If the tensions between movement, perception and the conscious systematization of both cannot be resolved through bodily dispositions alone, then, Simondon claims, the need arises for a heterogeneous mediator,48 or in terms that avoid the dangers of mediation, a transductor arises. Think of the toilet flush, the bucket or the scented candle of our previous examples, as well as the degrees of automation each implies. In all of these cases, as media theorist Aurora Hoel would claim,

object images allow the human being to handle phenomena from extremely disparate orders of magnitude (the very small, large, heavy, hot, cold, toxic, corrosive, etc.) as if these phenomena belonged to an order homogeneous to its own. The introduction of an object image (say, a lever) induces an inventive phase shift in the human-world system by initiating a new middle-order regime of reality in which a new readiness for action comes to prevail: equipped with a lever, the human being can lift loads many times its own weight. In addition to tools and machines, Simondon’s list of object images includes artworks, monuments, clothing fashions, and proverbs in language. Indeed, by his lights, all created objects or artifacts are to some extent adaptive mediators.49

The germinal effect of object-images is that in their transductive potential of resolving disparate tensions between different orders of magnitude, they effectively restore the continuity of activity that has been interrupted.
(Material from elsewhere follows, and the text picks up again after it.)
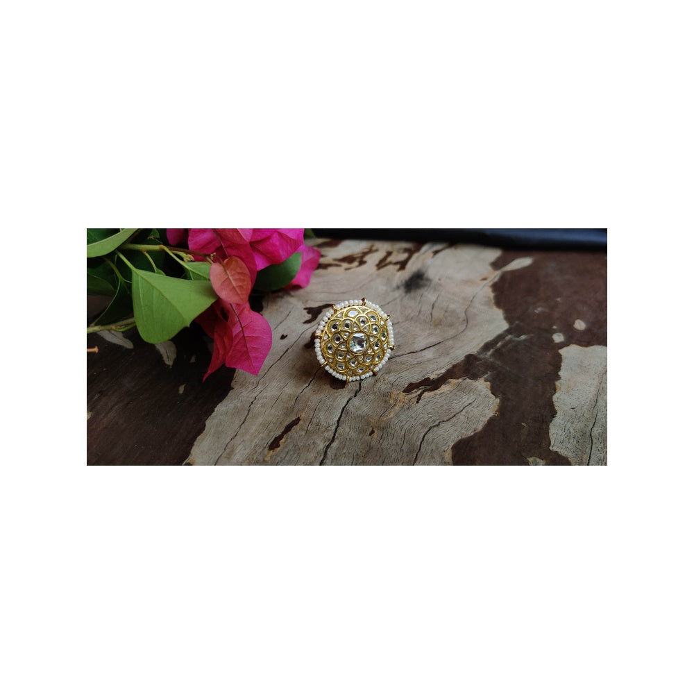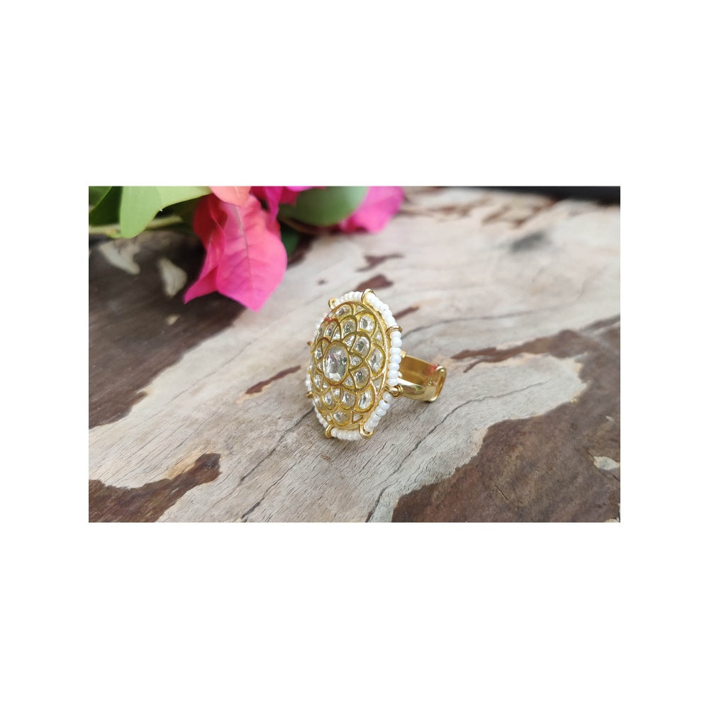 RIANA JEWELLERY Round Shaped Ring Studded White Jadtar Stone In Moti Work

In doing so, object-images restore movement (albeit differentiated), and in restoring movement, they are bootstrapping the imagistic cycle once again (albeit differentiated): a transductive object-image that alters motricity and therefore leads to novel perceptions (remember our discussion on senses and their dependence on the automation of our sensibilities), leading to eventually differentiated systematizations of past and future values. In addition, by dint of their detachability, object-images can be circulated, shared, communicated and transmitted to a radically broader extent, so much so that it would demand the development of a plethora of sciences (those that can be called generic, major or royal) that deal precisely with that: how one can study and optimize the circulation of object-images, from early Enlightenment encyclopedias to endless typologies in architecture. It is these generic sciences that find their ultimate (automated) apotheosis in contemporary artificial intelligence, albeit with a crucial twist.
The breaking of the imagistic cycle that artificial intelligence induces by exhaustingly annotating object-images effectively disables their transductive capacities, in the sense that it deprives them of any indeterminacy. Remember Simondon’s claim that the degree of any technicity is raised when automation leads to an increase of sensitivity to indeterminacy, to outside information, and subsequently that a rise in degrees of indeterminacy allows our sensitivity to be modulated. The thousands upon thousands of heavy, underpaid, human labor hours of annotating literally every object-image that can be of (commercial) interest, make those object-images so determined but also so dependent simply on each other, that new rules emerge in order to sustain a now annotative (and not imagistic) cycle. Due to the demands of the annotative cycle, motricity, perception and temporal systematization are completely cut off: movement and activity are of no interest, besides the activity implied in annotation itself. In the emerging regime of imagistic alienation, not only does the horse never horse but, almost by definition, there is no interest in any invention other than those that restore the continuity of annotative activity.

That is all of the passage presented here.